# I loaded the new update manually and lost root



## frellingfrakker (Dec 22, 2011)

So, my Prime still wouldn't recognize the new .28 update when I checked for it. I decided to just download it from ASUS and do it manually. Little did I know that when you take that route it wipes the System directory and along with it my Voodoo OTA saved rooted SU.
This is just a warning for others to not make my mistake.


----------



## ThunderRootedDragon (Sep 1, 2011)

frellingfrakker said:


> So, my Prime still wouldn't recognize the new .28 update when I checked for it. I decided to just download it from ASUS and do it manually. Little did I know that when you take that route it wipes the System directory and along with it my Voodoo OTA saved rooted SU.
> This is just a warning for others to not make my mistake.


LOL...don't mean to laugh, plus you don't seem too bummed out, but it says it in the title of the app "Voodoo OTA"...hope things workout smoothly from here on out for you....not too sure if sys dir houses pics etc an irreplaceable media. If it does, sorry for being a jerk. 

At this point I would use the wipe zip that doktaphex made and just wipe all...***if you have not lost your media yet, make sure you back it up....start fresh.


----------



## jermaine151 (Aug 26, 2011)

frellingfrakker said:


> So, my Prime still wouldn't recognize the new .28 update when I checked for it.
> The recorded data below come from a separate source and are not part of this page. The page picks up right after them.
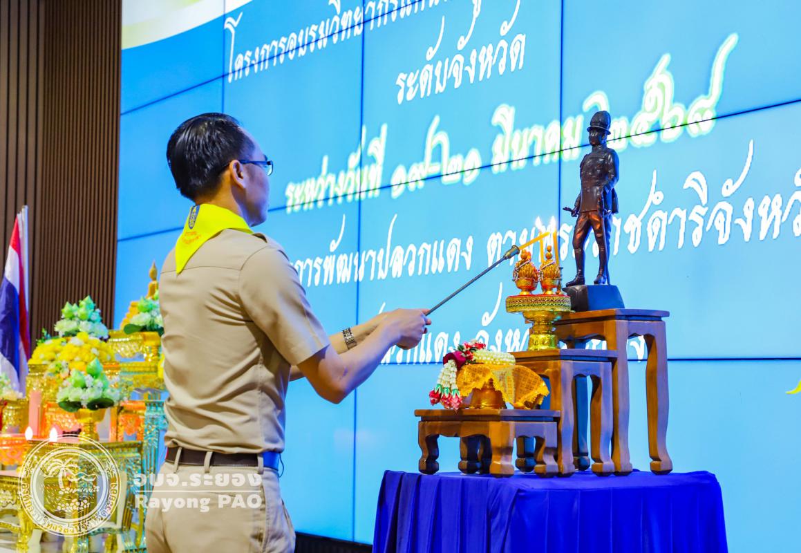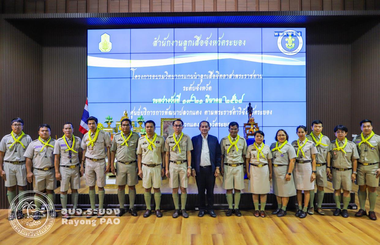 วันที่ 19 มีนาคม 2568 เวลา 09.00 น. นายประสานต์ พฤกษาชาติ รองนายกองค์การบริหารส่วนจังหวัดระยอง ได้เข้าร่วมพิธีเปิดโครงการลูกเสือจิตอาสาพระราชทาน จ.ระยอง โดยสำนักงานลูกเสือจังหวัดระยอง พร้อมด้วย หัวหน้าส่วนราชการ หน่วยงานภาครัฐ ผู้นำชุมชน และผู้ที่เกี่ยวข้องเข้าร่วมพิธีเปิดอย่างพร้อมเพรียง นำโดยนายสุเทพ ธีรัชสกุล ผู้อำนวยการสำนักงานเขตพื้นที่การศึกษาประถมศึกษาระยอง เขต 1 ให้เกียรติเป็นประธานในพิธีเปิด โดยนายอภิชัย ธิณทัพ รองผู้อำนวยการสำนักงานเขตพื้นที่การศึกษาประถมศึกษาระยอง เขต 1 เป็นผู้กล่าววัตถุประสงค์ฯ โดยโครงการจัดขึ้นเพื่อส่งเสริมให้ลูกเสือและบุคลากรทางการลูกเสือน้อมนำโครงการวิทยากรแกนนำลูกเสือจิตอาสาพระราชทานมาเสริมสร้างจิตสำนึกความเป็นพลเมืองที่เข้มแข็งและบำเพ็ญประโยชน์ต่อชุมชนอย่างต่อเนื่องและยั่งยืน โดยการส่งเสริมสร้างจิตสำนึกที่ดีให้ลูกเสือได้ร่วมทำกิจกรรมจิตอาสาบำเพ็ญประโยชน์ มีจิตสาธารณะตามกฎและคำปฏิญาณของลูกเสือและขยายผลโครงการสู่สถานศึกษาต่อไป ณ อาคารปูทะเลย์มหาวิชชาลัย เมืองพระมหาชนก อ่างเก็บน้ำดอกกราย อำเภอปลวกแดง จังหวัดระยอง
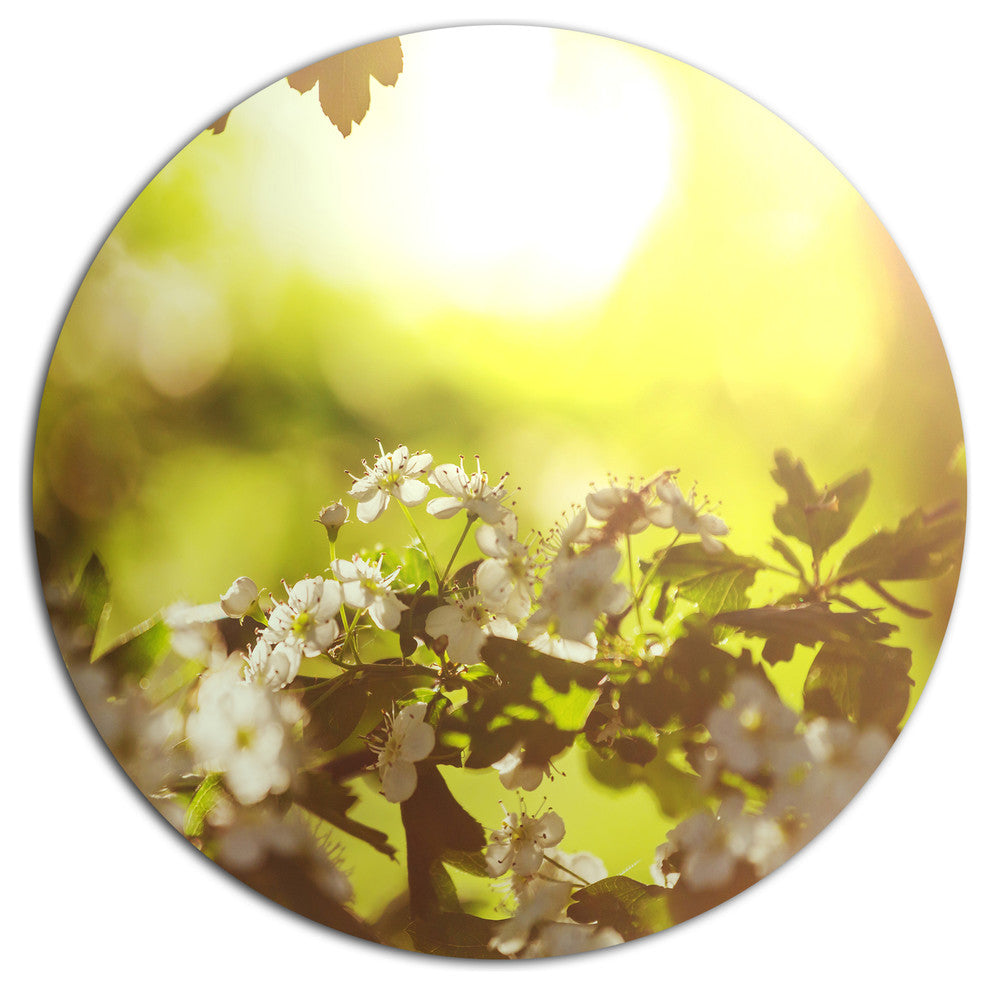Bring Contemporary Abstraction to your home with this large Circle Metal wall art. This Blossom Cherry on Green Background Metal Artwork makes it the focal point of any room or office.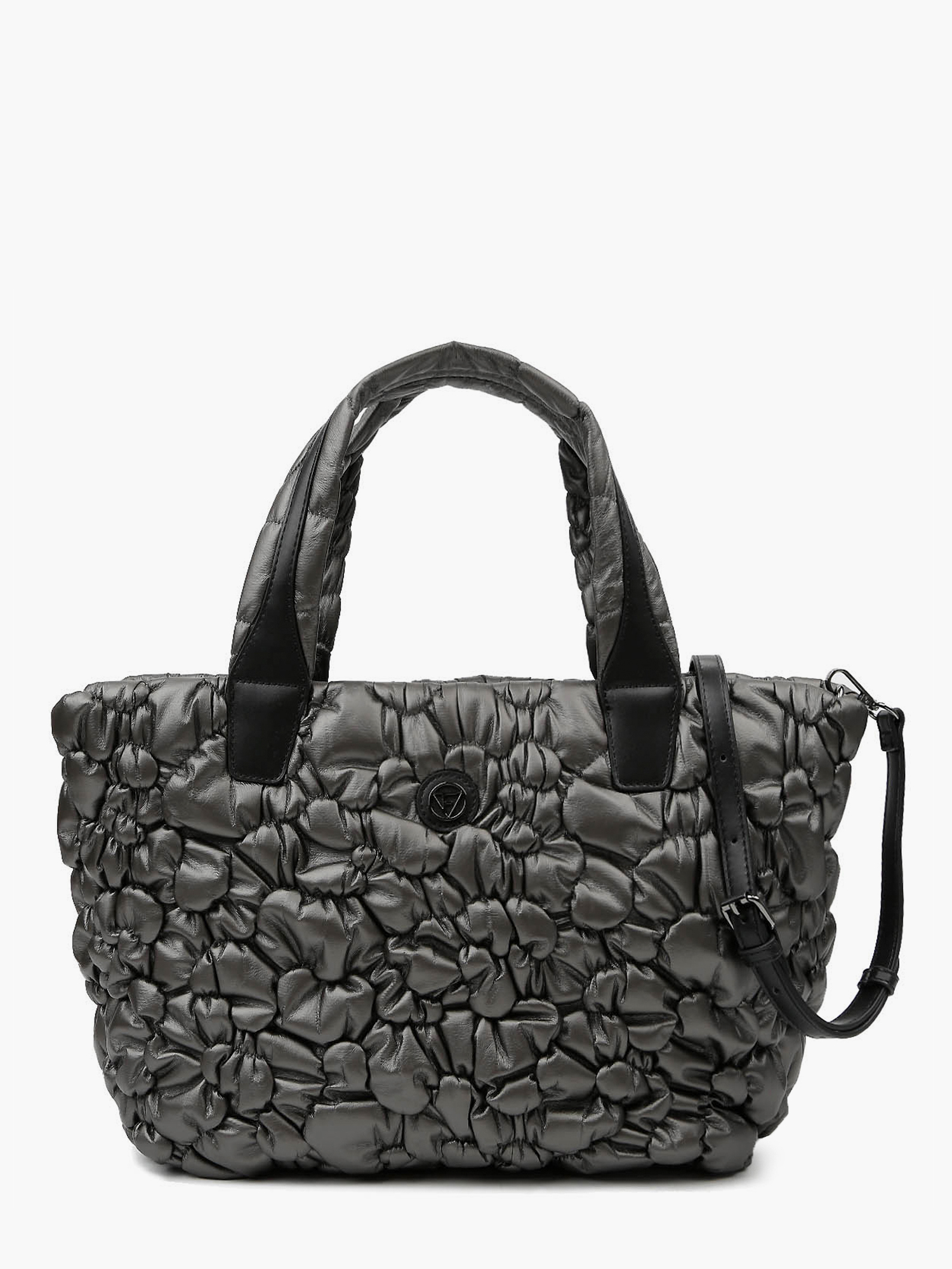 Женская стеганая дутая сумка-тоут среднего размера итальянского бренда FABRETTI выполнена из высокотехнологичного полиэстера, устойчивого к влаге и перепадам температур, в оттенке тёмно-серый металлик с отделкой из экокожи чёрного цвета. Фактура — абстрактная стежка с элементами драпировки. Основное отделение закрывается на молнию. Внутри расположены открытый карман и карман на молнии. Модель оснащена двумя ручками длиной 52 см и съёмным регулируемым ремнём длиной 123–138 см и шириной 1,4 см. Цвет фурнитуры — серебро. Эффектный металлизированный оттенок придаёт модели динамичность и современный характер.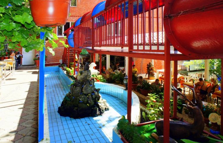 Инфраструктура: бильярдная, бассейн с детским отделением,  детская площадка, мини зоопарк, парк отдыха, многоярусное кафе с танцплощадкой, разноцветные декоративные фонтаны с подсветкой, прогулочные дорожки с местами для отдыха. Раз в неделю проводятся различные шоу-программы. Фонтаны с подсветкой, разнообразные статуэтки, прогулочные дорожки с местами для отдыха. Есть детская площадка и детский бассейн, живой уголок с птицами  и хорьками. Интернет: Wi-Fi. Привозить животных запрещено!!!

I decided to just download it from ASUS and do it manually. Little did I know that when you take that route it wipes the System directory and along with it my Voodoo OTA saved rooted SU.
> This is just a warning for others to not make my mistake.


Not a big deal. Re-root with this exploit: http://forum.xda-developers.com/showthread.php?t=1706588

Verified working with .28


----------



## frellingfrakker (Dec 22, 2011)

Thanks Jermaine. I'll try that tonight.

Tapatalked from the Thundershed!


----------



## frellingfrakker (Dec 22, 2011)

jermaine151 said:


> Not a big deal. Re-root with this exploit: http://forum.xda-dev...d.php?t=1706588
> 
> Verified working with .28


I finally got around to doing this last night and it worked perfectly.


----------